I don't ever want to go through that again. Whilst it didn't come to sleeping in the park, I was homeless in a mild way. I didn't know, sometimes into the late afternoon or evening, where I was sleeping that night.

I understand now how stress collapses one's mind onto only the most pressing, immediate concerns, which can sometimes seem so overwhelming that an escapist -- rather than a hedonist -- turn to alcohol or other drugs can become attractive. You don't eat properly because there's nowhere to cook, and the lack of sleep, from having to get up before one's hosts, wears you down. Night after night of sleeping in uncomfortable places is a provocation to private tears of self-pity and despair.

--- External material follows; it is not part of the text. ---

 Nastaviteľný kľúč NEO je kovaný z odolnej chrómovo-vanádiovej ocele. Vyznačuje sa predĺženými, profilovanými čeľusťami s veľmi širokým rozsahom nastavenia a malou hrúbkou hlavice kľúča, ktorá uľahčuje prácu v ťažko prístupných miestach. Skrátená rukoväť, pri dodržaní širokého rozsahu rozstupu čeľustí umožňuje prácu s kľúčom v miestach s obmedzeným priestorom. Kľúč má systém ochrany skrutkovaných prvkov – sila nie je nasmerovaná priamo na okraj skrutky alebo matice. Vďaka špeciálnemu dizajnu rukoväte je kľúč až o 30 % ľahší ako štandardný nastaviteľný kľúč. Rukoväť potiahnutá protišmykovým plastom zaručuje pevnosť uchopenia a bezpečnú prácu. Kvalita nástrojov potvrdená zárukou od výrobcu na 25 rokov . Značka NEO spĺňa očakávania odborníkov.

On Monday, I was installed as a "property guardian" -- a late C20th neologism which is design to escape any of the laws surrounding tenancy --in a little two-bed Victorian terrace about fifteen minutes' walk from the city centre. You get to live in a place at a much reduced rent as a substitute for security guards. Trina lent me the money for the deposit -- upped in my case from the usual £150 to a more cautious £600 because of my credit record.

I love knowing that there's no-one behind the front door, but it'd help if they had acted on their promise to turn the gas on. Six days in and no hot water. Can't shower, can't cook a proper meal. I am fucking sick of fruit and salad and sandwiches.

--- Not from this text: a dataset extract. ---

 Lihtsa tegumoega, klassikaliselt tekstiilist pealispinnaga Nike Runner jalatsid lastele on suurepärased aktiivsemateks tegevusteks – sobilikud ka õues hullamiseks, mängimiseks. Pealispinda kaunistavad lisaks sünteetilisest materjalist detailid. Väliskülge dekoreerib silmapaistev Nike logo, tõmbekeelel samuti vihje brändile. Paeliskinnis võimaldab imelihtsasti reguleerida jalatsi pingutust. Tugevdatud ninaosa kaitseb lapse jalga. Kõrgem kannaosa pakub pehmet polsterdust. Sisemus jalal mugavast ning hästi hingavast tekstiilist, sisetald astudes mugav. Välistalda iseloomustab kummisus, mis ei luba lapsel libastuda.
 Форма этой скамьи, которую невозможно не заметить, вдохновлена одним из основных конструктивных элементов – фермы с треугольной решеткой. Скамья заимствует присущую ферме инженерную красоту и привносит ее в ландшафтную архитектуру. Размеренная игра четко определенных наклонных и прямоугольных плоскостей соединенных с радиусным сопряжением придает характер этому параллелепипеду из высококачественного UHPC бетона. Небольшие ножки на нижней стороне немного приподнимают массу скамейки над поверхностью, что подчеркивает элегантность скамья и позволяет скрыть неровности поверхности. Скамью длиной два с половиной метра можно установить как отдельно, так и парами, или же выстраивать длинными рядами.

On what turned out to be my last shift at the golf club, I was humiliated to be asked into the kitchen by the manageress, "as there's too many mistakes here." I often input the orders from the bar into the till incorrectly, which are then transmitted to the ktichen. It was a public demotion.

I spent the rest of the shift red-faced, longing for what I thought were two consecutive days off. Then, on Saturday, I woke up in Kirsty's front room at a leisurely half past eight. I checked my diary, and saw that I was mistaken; I should have been in at 8am. I was first alarmed, then unbothered. I resigned in an email thanking them for their kindness and generosity in taking a chance on me and saying that I wish them every success, apologising for leaving a minimum wage job.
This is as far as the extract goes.